Par l'interphone, le concierge informe Tausk qu'un colis vient de lui arriver : Je peux vous le monter, vous êtes là ? Bien sûr, dit Tausk alors qu'un coup de feu retentit dans le salon. Le concierge ayant remis le colis, Tausk éteint le téléviseur, laisse la mouche se débrouiller seule, va chercher des ciseaux tout en examinant cet emballage : petit Colissimo de type classique, distribution sans signature et sans mention d'expéditeur. Une ligne imprimée grise indique la date et le lieu de l'envoi : avant-hier, bureau de poste Agen Carnot. Ne connaissant ni Agen ni personne à Agen, Tausk soupèse le colis. Très léger, format de jeu de cartes ou de paquet de cigarettes, cela pourrait être un briquet, un bibelot, une paire de boutons de manchette ou une clé USB.

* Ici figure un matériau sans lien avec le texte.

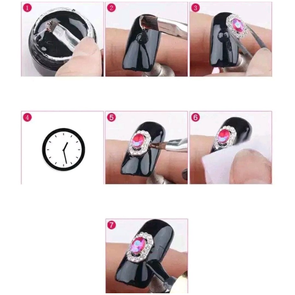 How to use: 1.Clean your nails 2.Apply adhesive on your nails 3.Put the rhinestone to the nails 4.then curing by led or uv lamp 5.Finish
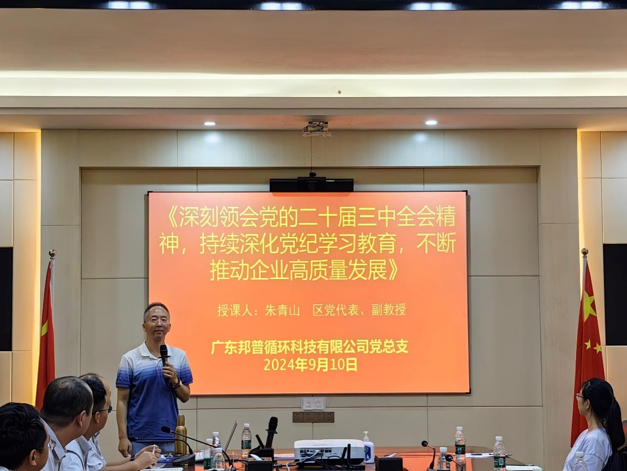 为深入学习党的二十届三中全会精神,学习贯彻习近平新时代中国特色社会主义思想,引导企业党员积极投身企业高质量发展的实践之中,努力构建校企协同发展的命运共同体,ky开元集团官网马克思主义学院党总支与佛高区三水园产业社区党委党建共建举办了学习贯彻党的二十届三中全会精神专题培训班。马克思主义学院宣讲团的专家朱青山副教授于9月10日走进佛山市三水区乐平镇广东邦普循环科技有限公司,进行了主题为《深刻领会党的二十届三中全会精神,持续深化党纪学习教育,不断推动企业高质量发展》的宣讲活动,旨在深入解读党的二十届三中全会精神。

C'est une boîte d'allumettes vidée de ses allumettes et contenant à leur place un mince objet cylindrique, enveloppé dans un linge fixé par un segment de sparadrap. Et une fois déballé sur le plan de travail de la cuisine, cet objet nous a tout l'air d'être un doigt. Un vrai doigt humain : vif recul de Tausk, nausée, regard qui se détourne et léger vertige, mais ne dramatisons pas, ce n'est pas un doigt entier, ce n'est qu'un bout.

Jean Echenoz, Envoyée spéciale, Paris, Les éditions de minuit, 2016, p. 94-95.